Subsequently I moved into telecoms, managing IT and IVR systems developments, contact center infrastructure changes, web platform upgrades, multi channel fulfillment and customer loyalty programs. Implementing new technology and business and organizational changes.
You could say my career has been on a permanently downward trajectory, from interplanetary missions via aircraft at 35,000 feet, to ground level with mobile phones.
But regardless of the altitude, in every case I have needed to understand the technology, the people, the processes, the politics, the business case, the risks, the operations and much more, just to deliver... and keep my stakeholders happy with the information they needed.
I was amazed, on entering IT, to discover how relatively un-structured and uncontrolled so much development was.

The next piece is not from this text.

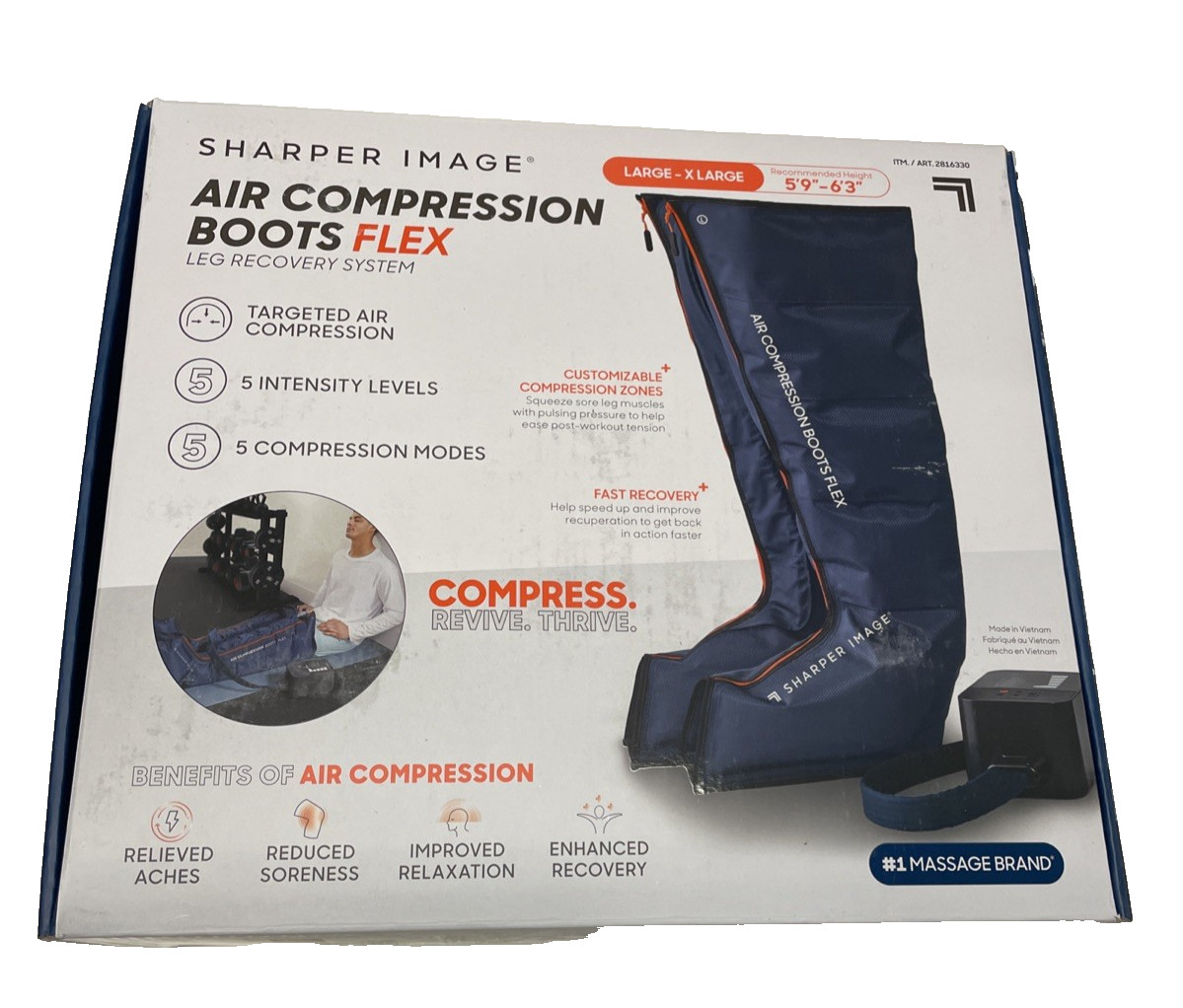 Sharper Image Flex Air Compression Boots Leg Recovery System Blue, Size Large/XL

Compared to my engineering experience, information was often incomplete and usually scattered through various departments, tools and peoples heads. Delivering projects was more an art than a science. Thinking was often unstructured leading to solutions having unexpected consequences.
But then I discovered Enterprise Architect - and how much it could have helped.
EA can hold and connect business and technical information, and eaTeamWorks makes it easy to manipulate and deliver that information accurately and quickly. So I am excited about what eaTeamWorks can do to help teams scale their use of EA, improve their productivity and deliver real business benefits with streamlined governance and project and program management.
I know what hard looks like. I am a rocket scientist! And wherever possible I want an easy life...
EA and eaTeamWorks will make that possible, give us all more time to do things we love (for me, that's more time for rugby (supporting Wales, of course), making music, and a million and one things I haven't quite got around to yet.)